The War on Afghanistan is a Profit driven “Resource War”.

By Prof Michel Chossudovsky

The 2001 bombing and invasion of Afghanistan has been presented to World public opinion as a “Just War”, a war directed against the Taliban and Al Qaeda, a war to eliminate “Islamic terrorism” and instate Western style democracy.

The economic dimensions of  the “Global War on Terrorism” (GWOT) are rarely mentioned. The post 9/11 “counter-terrorism campaign” has served to obfuscate the real objectives of the US-NATO war.

The war on Afghanistan is part of a profit driven agenda: a war of economic conquest and plunder,  ”a resource war”.

While Afghanistan is acknowledged as a strategic hub in Central Asia, bordering on the former Soviet Union, China and Iran, at the crossroads of pipeline routes and major oil and gas reserves, its huge mineral wealth as well as its untapped natural gas reserves have remained, until June 2010, totally unknown to the American public.

According to a joint report by the Pentagon, the US Geological Survey (USGS) and USAID, Afghanistan is now said to possess “previously unknown” and untapped mineral reserves, estimated authoritatively to be of the order of one trillion dollars (New York Times, U.S. Identifies Vast Mineral Riches in Afghanistan –, June 14, 2010, See also BBC, 14 June 2010).

The previously unknown deposits — including huge veins of iron, copper, cobalt, gold and critical industrial metals like lithium — are so big and include so many minerals that are essential to modern industry that Afghanistan could eventually be transformed into one of the most important mining centers in the world, the United States officials believe.

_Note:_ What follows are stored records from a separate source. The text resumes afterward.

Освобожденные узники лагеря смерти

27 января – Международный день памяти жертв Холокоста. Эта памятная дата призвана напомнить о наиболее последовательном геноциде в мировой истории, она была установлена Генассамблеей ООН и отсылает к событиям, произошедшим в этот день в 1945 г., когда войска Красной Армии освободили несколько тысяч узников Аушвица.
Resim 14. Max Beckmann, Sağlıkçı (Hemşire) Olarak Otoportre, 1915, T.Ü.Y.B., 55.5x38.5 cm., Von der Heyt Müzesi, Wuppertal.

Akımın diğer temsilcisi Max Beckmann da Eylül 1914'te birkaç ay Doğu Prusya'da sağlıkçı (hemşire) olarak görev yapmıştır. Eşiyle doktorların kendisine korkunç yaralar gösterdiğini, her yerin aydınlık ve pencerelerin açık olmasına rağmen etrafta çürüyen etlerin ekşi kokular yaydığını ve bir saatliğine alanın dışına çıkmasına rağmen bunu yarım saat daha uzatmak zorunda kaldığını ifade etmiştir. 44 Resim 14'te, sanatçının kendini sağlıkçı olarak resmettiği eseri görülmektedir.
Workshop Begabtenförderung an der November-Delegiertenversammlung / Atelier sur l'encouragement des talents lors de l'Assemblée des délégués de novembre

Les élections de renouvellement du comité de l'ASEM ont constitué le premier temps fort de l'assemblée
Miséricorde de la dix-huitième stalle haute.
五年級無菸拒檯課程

An internal Pentagon memo, for example, states that Afghanistan could become the “Saudi Arabia of lithium,” a key raw material in the manufacture of batteries for laptops and BlackBerrys.

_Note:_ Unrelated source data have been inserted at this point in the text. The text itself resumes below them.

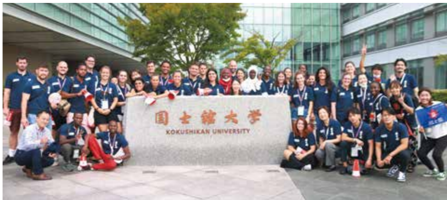
参加者全員で記念撮影（本学世田谷キャンパス）

ENGO Youthランスの5団体、40人が、欧州非政府スポーツ機構（ENGO Youthランス）の「実践的アイデア共有」を開催した。本研修会は、東京の2024年大会を控え、パリ2024大会を控え、フランス、2026年8月8日から14日まで東京・国立オリンピック記念総合競技場（有明）で、本学が主催する「SDGsスポーツ」に貢献できるかをテーマに、本学のほか、ハラス、セネガル、フランスの3カ国を代表する選手、職員ら約40人が参加した。 本研修会は、東京の2024年大会を控え、パリ2024大会を控え、フランス、2026年8月8日から14日まで東京・国立オリンピック記念総合競技場（有明）で、本学が主催する「SDGsスポーツ」に貢献できるかをテーマに、本学のほか、ハラス、セネガル、フランスの3カ国を代表する選手、職員ら約40人が参加した。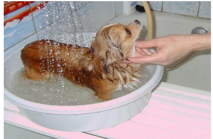
Рисунок 3 – мытье собаки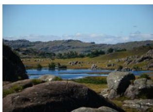
Grande vallée 📍 17km - ⌚ 5h Les lacs 📍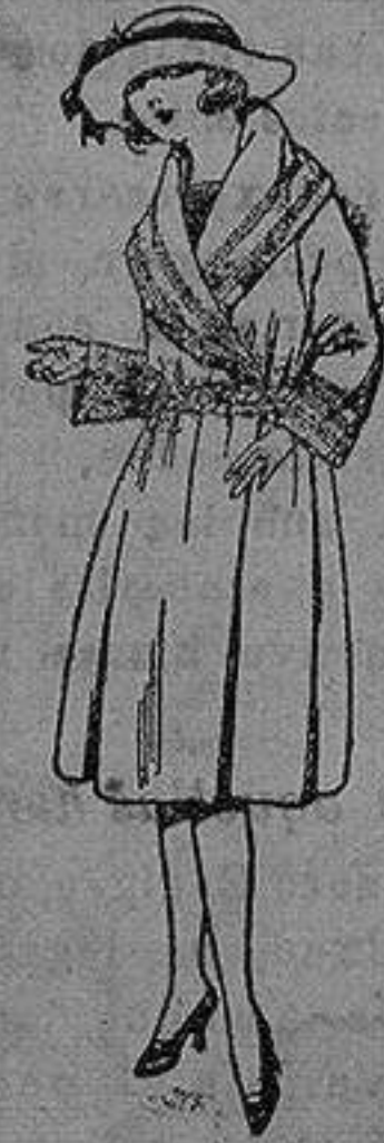
Abrigos de terciopelo de lana, gamuza, etc., en negro, azul y color, para jovencitas de 12 a 15 años, de ptas. 55 a 95

The vast scale of Afghanistan’s mineral wealth was discovered by a small team of Pentagon officials and American geologists. The Afghan government and President Hamid Karzai were recently briefed, American officials said.

While it could take many years to develop a mining industry, the potential is so great that officials and executives in the industry believe it could attract heavy investment even before mines are profitable, providing the possibility of jobs that could distract from generations of war.

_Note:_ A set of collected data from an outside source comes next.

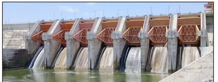
El nivel récord que tenían los embalses ya es historia, pues ya han bajado los niveles.

Sin embargo, en este mismo asunto declararon la inexistencia de promoción personalizada por parte del mandatario estatal, al considerar que no se ejerció propaganda gubernamental.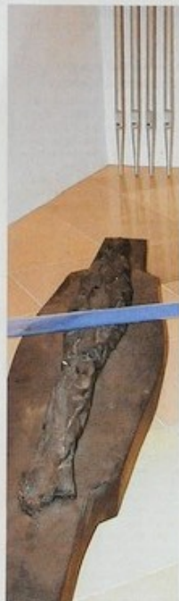
Jürgen Brodwolf's Installation stellt den Übergang vom Leben in das Reich der Toten dar.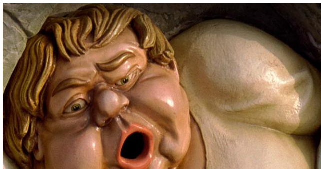
Holle Bolle Gijs in de Efteling

Een afvalbak die iets toevoegt aan het traditionele concept, doorbreekt het automatische gedrag van mensen. De bak verrast, vraagt aandacht en maakt anders onzichtbaar gedrag zichtbaar. De bekendste pratende afvalbak is Holle Bolle Gijs in de Efteling. Holle Bolle Gijs verleidt kinderen en hun ouders tijdens hun dagje uit om hun afval in de bak te gooien, met een 'dank u wel' als beloning.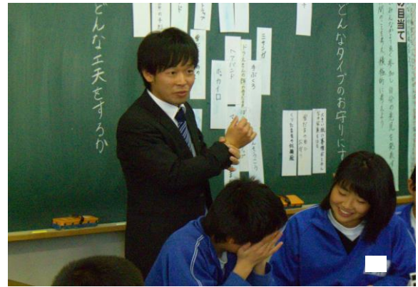
話し合いの方向を修正する適切な助言

“There is stunning potential here,” Gen. David H. Petraeus, commander of the United States Central Command, said… “There are a lot of ifs, of course, but I think potentially it is hugely significant.”

The value of the newly discovered mineral deposits dwarfs the size of Afghanistan’s existing war-bedraggled economy, which is based largely on opium production and narcotics trafficking as well as aid from the United States and other industrialized countries. Afghanistan’s gross domestic product is only about $12 billion.

“This will become the backbone of the Afghan economy,” said Jalil Jumriany, an adviser to the Afghan minister of mines. (New York Times, op. cit.)

Afghanistan could become, according to The New York Times “the Saudi Arabia of lithium”. “Lithium is an increasingly vital resource, used in batteries for everything from mobile phones to laptops and key to the future of the electric car.” At present Chile, Australia, China and Argentina are the main suppliers of lithium to the world market. Bolivia and Chile are the countries with the largest known reserves of lithium. “The Pentagon has been conducting ground surveys in western Afghanistan. “Pentagon officials said that their initial analysis at one location in Ghazni province showed the potential for lithium deposits as large as those of Bolivia” (U.S. Identifies Vast Mineral Riches in Afghanistan –, June 14, 2010, see also Lithium – Wikipedia, the free encyclopedia)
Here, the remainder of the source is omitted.